━━ Given data ━━

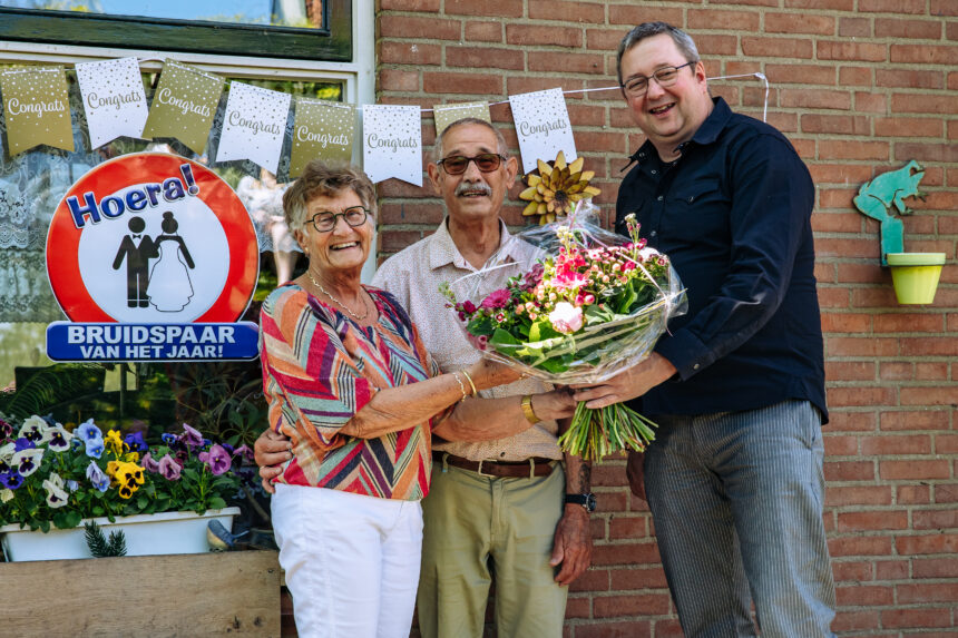 Het is vandaag, op 13 mei, 60 jaar geleden dat meneer A. Gouweloos (85) en mevrouw L.M. Gouweloos-Goudswaard (82) uit Strijen in het huwelijksbootje stapten. Wethouder René Peters ging vanmiddag langs met een mooie bos bloemen. Hij feliciteerde hen namens het gemeentebestuur met dit diamanten jubileum.
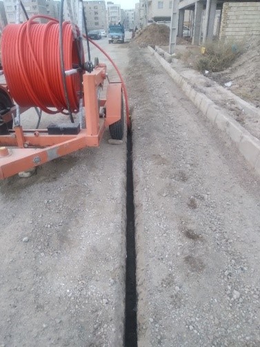Маршрут прокладывается траншеекопателем. Дно канала покрывается слоем мягкого магниевого песка толщиной 5 см, затем укладываются микродакты, которые засыпаются ещё одним слоем песка и закрываются предупредительной лентой.
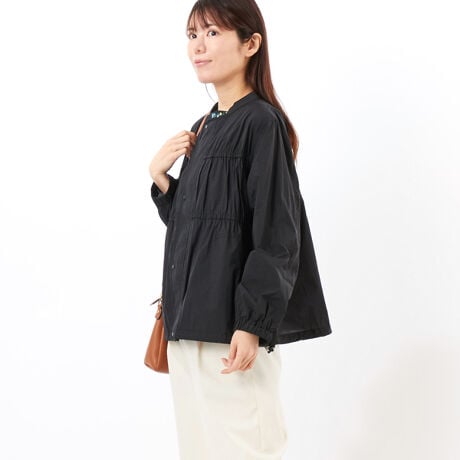 [型番:34140161]コットンナイロンワッシャーのギャザーブルゾン。軽くて着やすい素材です。フロントの2段のギャザーポイントが印象的な春らしい一着に仕上げました。前立ては太めにしてすっきり見えを意識しました。衿元のさりげない刺繍もポイントです。裾のドロストでニュアンスを変えてお楽しみいただけます。

━━━

> [What to work on]
Would you return the whole listing exactly, without the pictures?

> [Your solution]
 Het is vandaag, op 13 mei, 60 jaar geleden dat meneer A. Gouweloos (85) en mevrouw L.M. Gouweloos-Goudswaard (82) uit Strijen in het huwelijksbootje stapten. Wethouder René Peters ging vanmiddag langs met een mooie bos bloemen. Hij feliciteerde hen namens het gemeentebestuur met dit diamanten jubileum.
Маршрут прокладывается траншеекопателем. Дно канала покрывается слоем мягкого магниевого песка толщиной 5 см, затем укладываются микродакты, которые засыпаются ещё одним слоем песка и закрываются предупредительной лентой.
 [型番:34140161]コットンナイロンワッシャーのギャザーブルゾン。軽くて着やすい素材です。フロントの2段のギャザーポイントが印象的な春らしい一着に仕上げました。前立ては太めにしてすっきり見えを意識しました。衿元のさりげない刺繍もポイントです。裾のドロストでニュアンスを変えてお楽しみいただけます。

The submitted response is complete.